Project

General

Profile

Actions

Bug #2806

closed

Parallel DNS queries dropped when using same socket

Added by Rob Mosher almost 6 years ago. Updated over 5 years ago.

Status:
Closed
Priority:
Normal
Assignee:
-
Target version:
-
Difficulty:
Label:

Description

Suricata is dropping DNS queries and not logging the drop when concurrent queries are performed using the same socket.
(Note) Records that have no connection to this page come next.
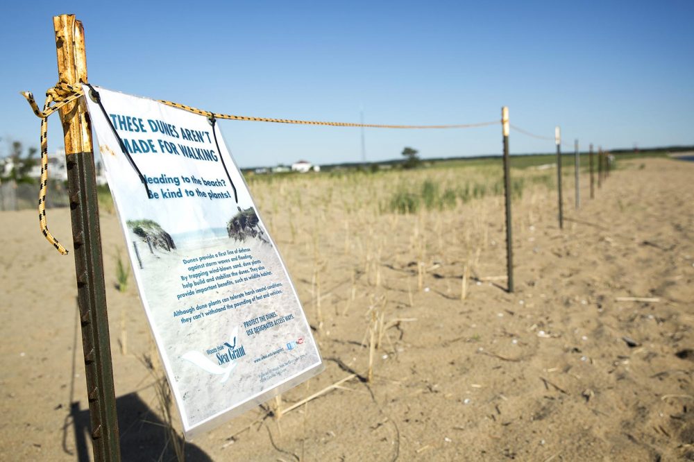 Photo at the top of the page: An area of recently planted beach grass on Plum Island is roped off for its protection. Photo by Robin Lubbock for WBUR
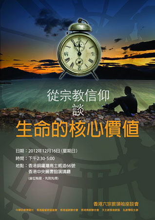 香港六宗教领袖座谈会将于2012年12月16日(星期日)下午2时30分在铜锣湾香港中央图书馆演讲厅举行。由佛教、天主教、孔教、伊斯兰教、基督教及道教各宗教的一位神职人员或学者就本年度主题“从宗教谈信仰谈生命的核心价值”进行论述及交流,并设有问答环节,现场听众可向各位讲者发问。
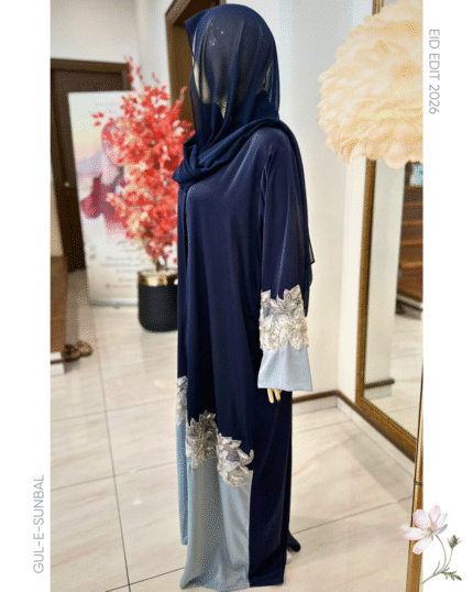 Blue abaya Delicate gold buttons with stole
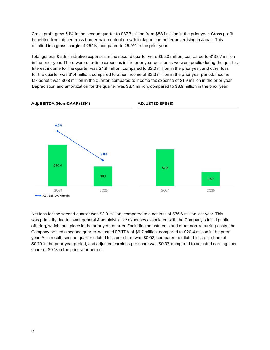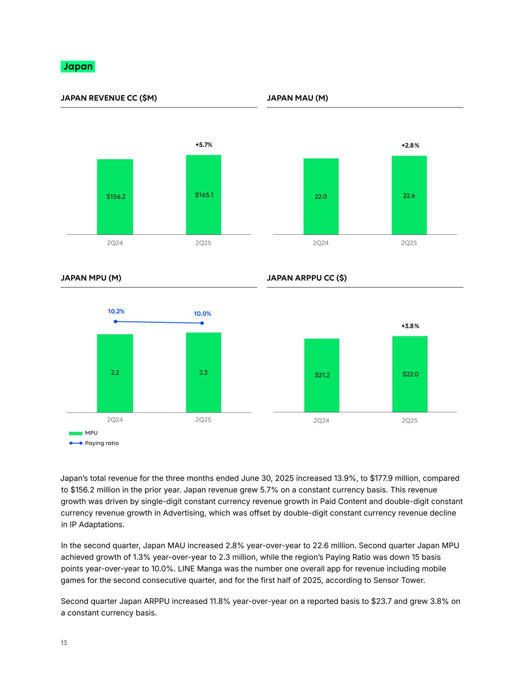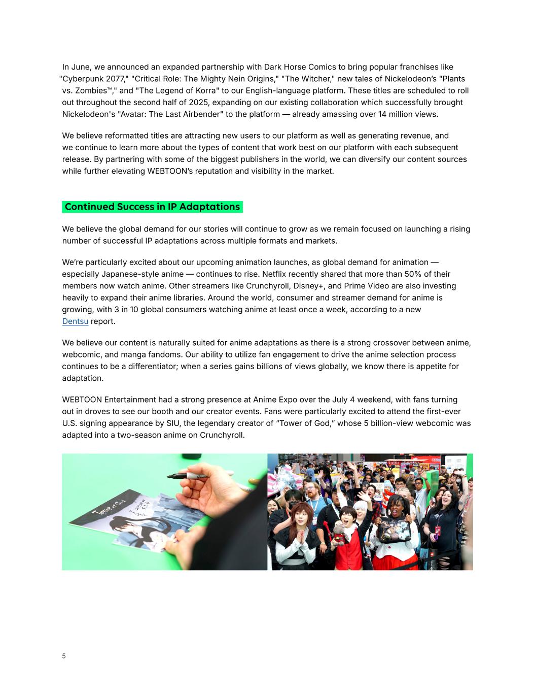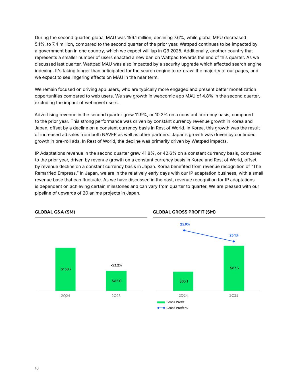 Junkoo Kim, Founder and CEO, said, “We are pleased to report strong second quarter results, with both revenue and Adjusted EBITDA coming in above the top end of our guidance range. Total revenue was up 5.5% on a constant currency basis, with growth in all three revenue streams – Paid Content, Advertising, and IP Adaptations – as we continue to build our leadership position globally.”

This is standard behavior since glibc 2.10. This causes DNS resolution to be very slow.

The resolv.conf option 'single-request' can work around the issue, but that also delays DNS resolution slightly, though not nearly as bad.

The dns requests below are triggered using 'ping' which I believe calls gethostbyname

Initial queries sent concurrently using same socket:

 00:00:00.000000 IP 192.168.1.224.40887 > 192.168.1.1.53: 9647+ A? google.com. (28)
 00:00:00.000020 IP 192.168.1.224.40887 > 192.168.1.1.53: 52827+ AAAA? google.com. (28)

Only the A query receives a response. Glibc continues to wait for the AAAA response.

 00:00:00.001318 IP 192.168.1.1.53 > 192.168.1.224.40887: 9647 1/0/0 A 172.217.9.142 (44)

Attempt number 2 falls back to single request method, which seems to work just fine, but there's a 5 second delay before the retry.

 00:00:05.001888 IP 192.168.1.224.40887 > 192.168.1.1.53: 9647+ A? google.com. (28)
 00:00:05.003131 IP 192.168.1.1.53 > 192.168.1.224.40887: 9647 1/0/0 A 172.217.9.142 (44)
 00:00:05.003226 IP 192.168.1.224.40887 > 192.168.1.1.53: 52827+ AAAA? google.com. (28)
 00:00:05.004345 IP 192.168.1.1.53 > 192.168.1.224.40887: 52827 1/0/0 AAAA 2607:f8b0:4000:813::200e (56)

If we use the 'single-request' option in resolv.conf to not send multiple queries at the same time, there is minimal delay and no dropped query.

 00:00:00.000000 IP 192.168.1.224.53244 > 192.168.1.1.53: 11413+ A? google.com. (28)
 00:00:00.001201 IP 192.168.1.1.53 > 192.168.1.224.53244: 11413 1/0/0 A 172.217.9.142 (44)
 00:00:00.001295 IP 192.168.1.224.53244 > 192.168.1.1.53: 32038+ AAAA? google.com. (28)
 00:00:00.002325 IP 192.168.1.1.53 > 192.168.1.224.53244: 32038 1/0/0 AAAA 2607:f8b0:4000:813::200e (56)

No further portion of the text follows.